Congrats on your plans!

If you're going to keep ewe lambs born, the ram will have the most influence on your future flock, so make sure he's as good as possible.  You'll want good conformation, good growth, a good stocky look.  Ask the breeder to show you what they look for to judge a sheep - ask for specifics, and if they can point out some differences among their own sheep (keeping in mind that some breeders - of any animal - don't see the faults in their own animals as easily as others).  If possible the ram should have been born a twin.  Get up close and personal and make sure he has both testicles descended.

For the ewes you want good conformation and growth, too, especially if you'll be breeding them as ewe lambs.  Ewes that were twins again are preferable.  Ask the breeder what their lambing complication rate is, and what's the most typical lambing difficulty they deal with.  Try to avoid buying any ewes whose moms have difficult births.

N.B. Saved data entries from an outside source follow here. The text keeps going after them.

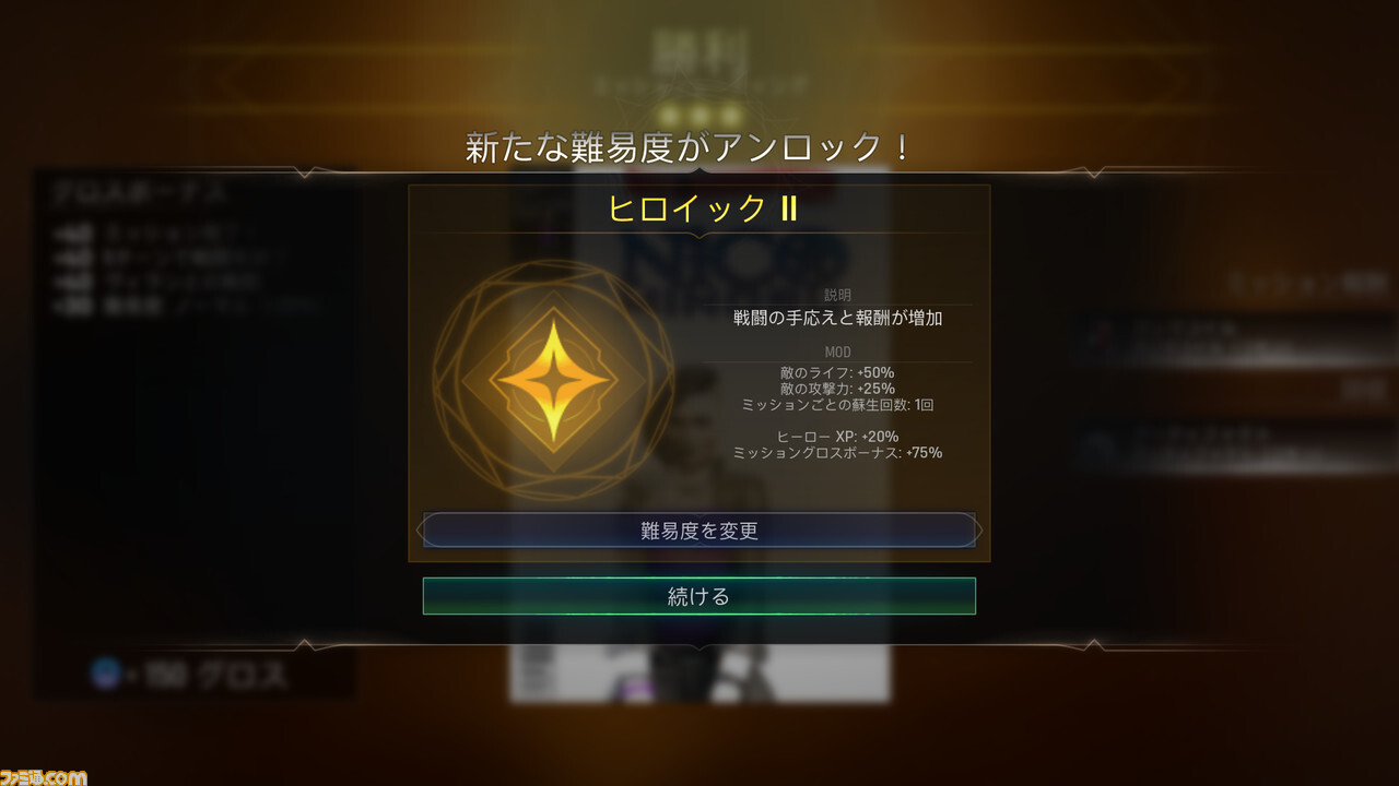 또한 게임의 난이도는 옵션 화면에서 출격 전에 변경이 가능. 고난도로 할수록 얻을 수 있는 보상 등도 늘어나므로, 때로는 고난도에 도전해 보는 것도 재미있을까 생각한다.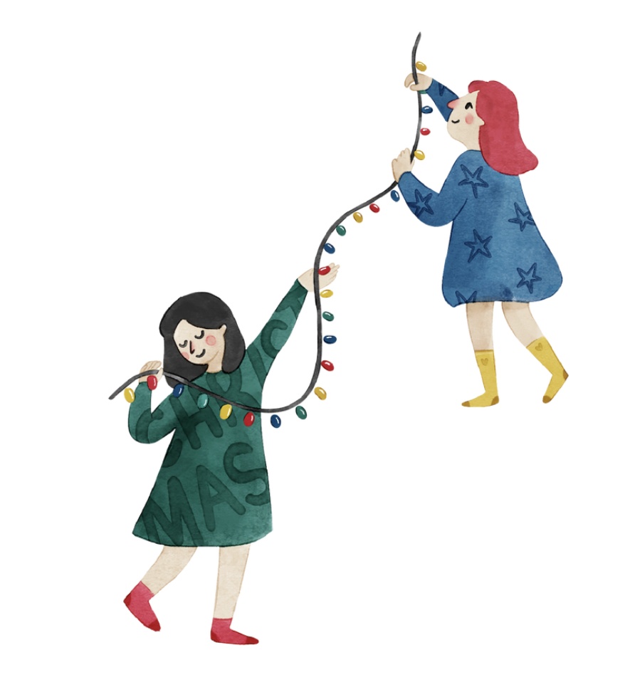 My sister had a knack for doing that, so I kept out of her way, holding the beads behind her as she expertly wove it through all the branches. Once that was done we could have fun with the rest of the decorations. We helped each other space out all the decorations so that nothing overlapped. Finally, after hours of working on the tree, we went around the tree one last time with the Christmas lights. After putting away all the boxes, we sat down next to the Christmas tree, under the Christmas lights, eating freshly baked cake, laughing about the time I got tangled in the string of beads.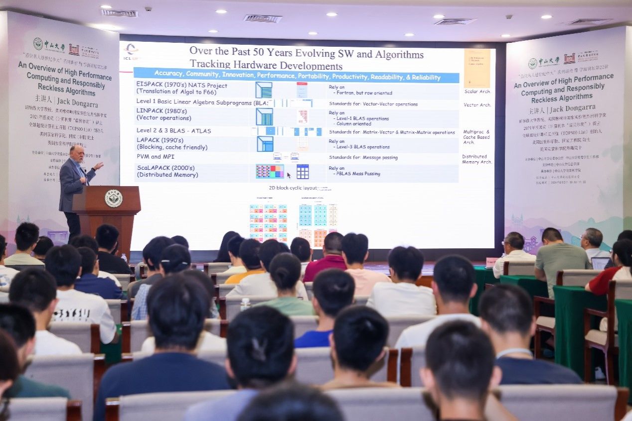 jinnianhui今年会卢宇彤教授主持了本次讲座,她对Jack Dongarra教授的到来表示热烈欢迎。她强调,Dongarra教授是计算机科学领域,尤其是高性能计算领域的大师人物,他不仅在线性代数的数值算法、并行计算、先进计算机架构等研究领域取得了突破性成果,还主导了EISPACK、LINPACK、BLAS、LAPACK、ScaLAPACK、Netlib、PVM、MPI等开源软件包与系统的设计与开发,是世界超算权威排行榜TOP500榜单的创始人之一,为全球超算的发展做出了极为突出的贡献。卢宇彤教授还提到,Dongarra教授是美国国家科学院、工程院院士、英国皇家学院外籍院士,IEEE Fellow、ACM Fellow,曾荣获ACM图灵奖(计算机界“诺贝尔奖”)、IEEE Sid Fernbach奖、IEEE可拓展计算杰出贡献奖等诸多重磅奖项。Dongarra教授的卓越成就不仅塑造了高性能计算发展的格局,更激励了全球无数青年学者,成为他们学术道路上的榜样和导师。卢宇彤教授认为,今天的讲座是领略大师风范、聆听大师教诲的宝贵机会。

I wasn't sure from your post - is the ram a year old, or a month old?  It's going to be harder evaluating a very young ram.  And it's ok to get an older ewe or two, if they are healthy and in good shape, and have no history of lambing problems.  They'll know what they're doing come lambing time, and can be less likely to have trouble than a ewe lambing for the first time (with that said, I started out with 2 pregnant first-timers, and everything went smoothly).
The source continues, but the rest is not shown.